» TASK DESCRIPTION:
Reproduce the entire listing exactly. Leave the pictures out.

» LISTED RECORDS:
-=-=-=-=-

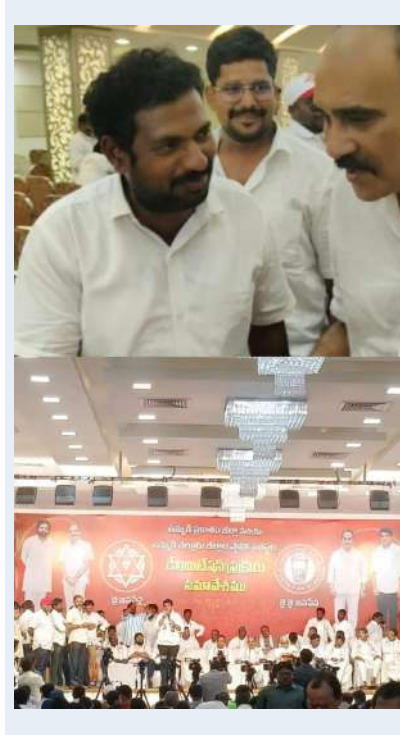
మనుబోలు, స్వర్ణ సాగరం:
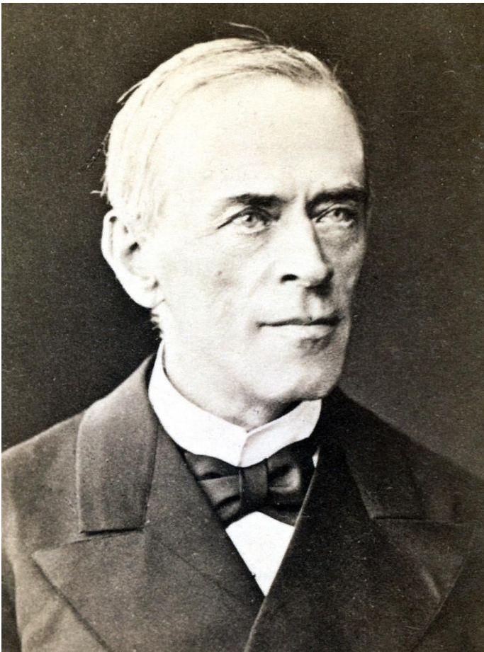
Николай Христианович Бунге. Фотография 1880-х гг.
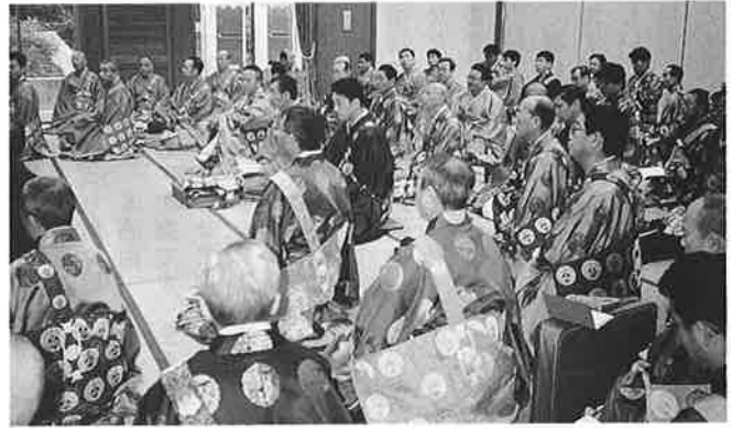
出勤前の法中のみなさん
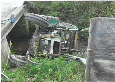
Traktorunfall Kumberg See 29.04.2023
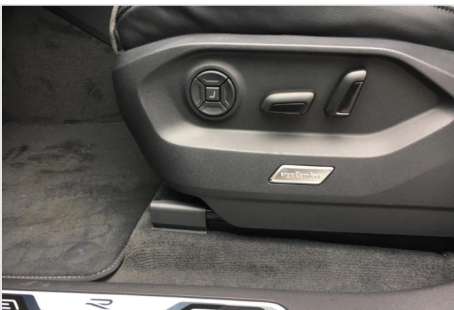
Neuss GOTTFRIED SCHULTZ
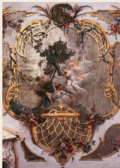
Ораниенбаум. Декор одного из дворцовых залов.

же 1762 г. Екатерина Алексеевна вместе со своими сподвижниками совершила переворот и сама заняла престол. Вскоре после этого ее несчастный муж умер, вероятнее всего, насильственной смертью.
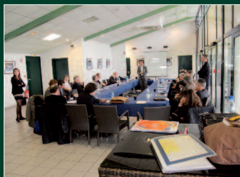
Réunion IBM avant les courses
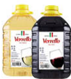
VERRELLO VINO BIANCO/ROSSO 5 LITRI
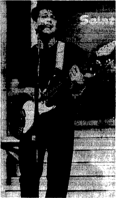
Sergio Caputo in concerto stasera a Euritma
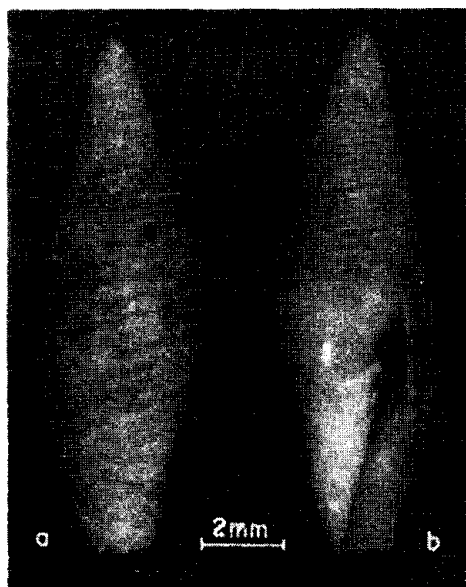
Figura 1 — Mitra (Cancilla) saldanha sp. nov. — a) vista dorsal; b) vista ventral.
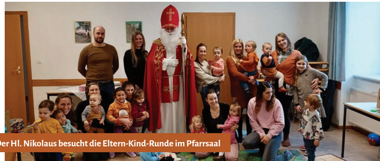
Der Hl. Nikolaus besucht die Eltern-Kind-Runde im Pfarrsaal
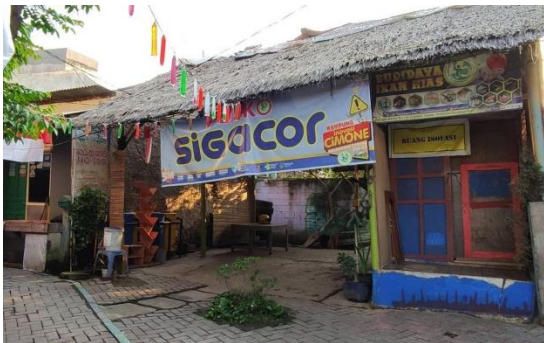
Saung Kp. Inovasi Cimone
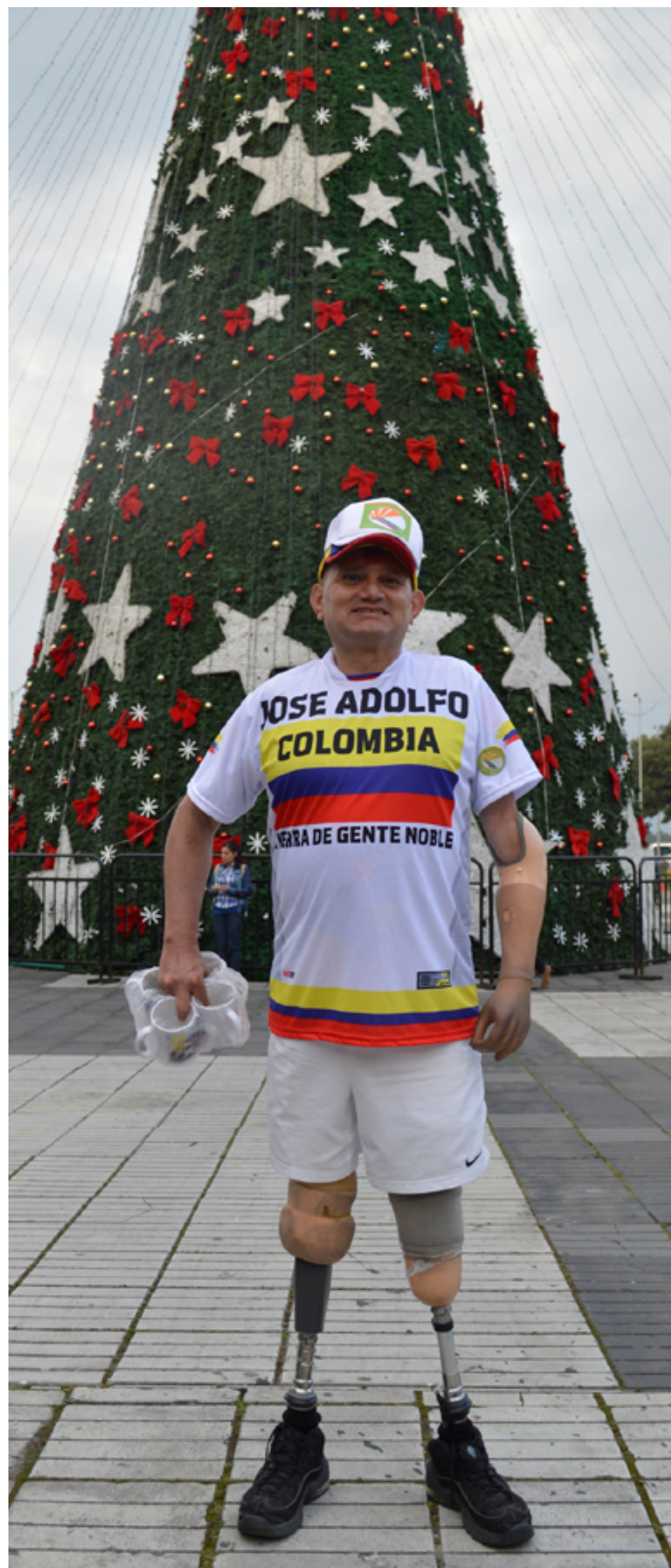
→ RECORTE DE Día Internacional de la Discapacidad (Participación Bogotá, 2016)

“La discapacidad es un concepto que evoluciona y que resulta de la interacción entre las personas con deficiencias y las barreras debidas a la actitud y al entorno que evitan su participación plena y efectiva en la sociedad, en igualdad de condiciones con las demás”, es decir, que no se mantiene estático, y depende de un contexto social, por cuanto la discapacidad es un concepto amplio y se integra con criterios tales como barreras actitudinales, comunicativas, físicas, sociales y ambientales, tanto así, que se habla que, para ser ubicado en esa población, no es cualquier deficiencia, sino aquella que sea física, mental, intelectual o sensorial a largo plazo” (CSJ 74579, 2021)
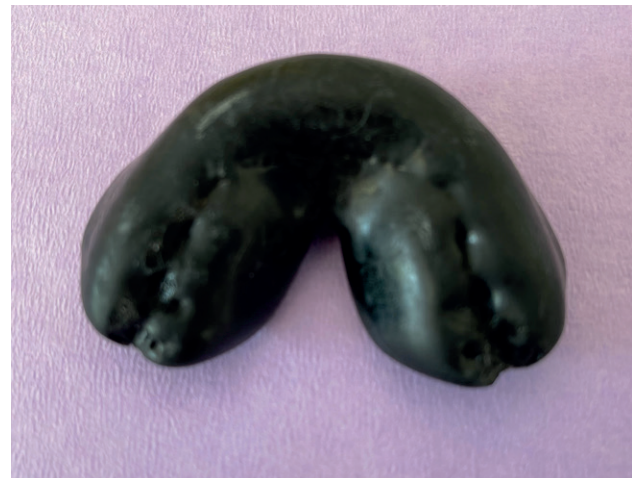
Figura 1. Protector bucal utilizado por el paciente.

La inspección intrabucal permitió observar una disminución de la apertura bucal, junto a una herida incisocontusa a nivel de la cara interna del labio inferior, la cual fue suturada en urgencias. Al observar la oclusión se vio que el paciente presentaba ligera luxación palatina de los dientes

-=-=-=-=-

» ANSWER BELOW:
మనుబోలు, స్వర్ణ సాగరం:
Николай Христианович Бунге. Фотография 1880-х гг.
出勤前の法中のみなさん
Traktorunfall Kumberg See 29.04.2023
Neuss GOTTFRIED SCHULTZ
Ораниенбаум. Декор одного из дворцовых залов.

же 1762 г. Екатерина Алексеевна вместе со своими сподвижниками совершила переворот и сама заняла престол. Вскоре после этого ее несчастный муж умер, вероятнее всего, насильственной смертью.
Réunion IBM avant les courses
VERRELLO VINO BIANCO/ROSSO 5 LITRI
Sergio Caputo in concerto stasera a Euritma
Figura 1 — Mitra (Cancilla) saldanha sp. nov. — a) vista dorsal; b) vista ventral.
Der Hl. Nikolaus besucht die Eltern-Kind-Runde im Pfarrsaal
Saung Kp. Inovasi Cimone
→ RECORTE DE Día Internacional de la Discapacidad (Participación Bogotá, 2016)

“La discapacidad es un concepto que evoluciona y que resulta de la interacción entre las personas con deficiencias y las barreras debidas a la actitud y al entorno que evitan su participación plena y efectiva en la sociedad, en igualdad de condiciones con las demás”, es decir, que no se mantiene estático, y depende de un contexto social, por cuanto la discapacidad es un concepto amplio y se integra con criterios tales como barreras actitudinales, comunicativas, físicas, sociales y ambientales, tanto así, que se habla que, para ser ubicado en esa población, no es cualquier deficiencia, sino aquella que sea física, mental, intelectual o sensorial a largo plazo” (CSJ 74579, 2021)
Figura 1. Protector bucal utilizado por el paciente.

La inspección intrabucal permitió observar una disminución de la apertura bucal, junto a una herida incisocontusa a nivel de la cara interna del labio inferior, la cual fue suturada en urgencias. Al observar la oclusión se vio que el paciente presentaba ligera luxación palatina de los dientes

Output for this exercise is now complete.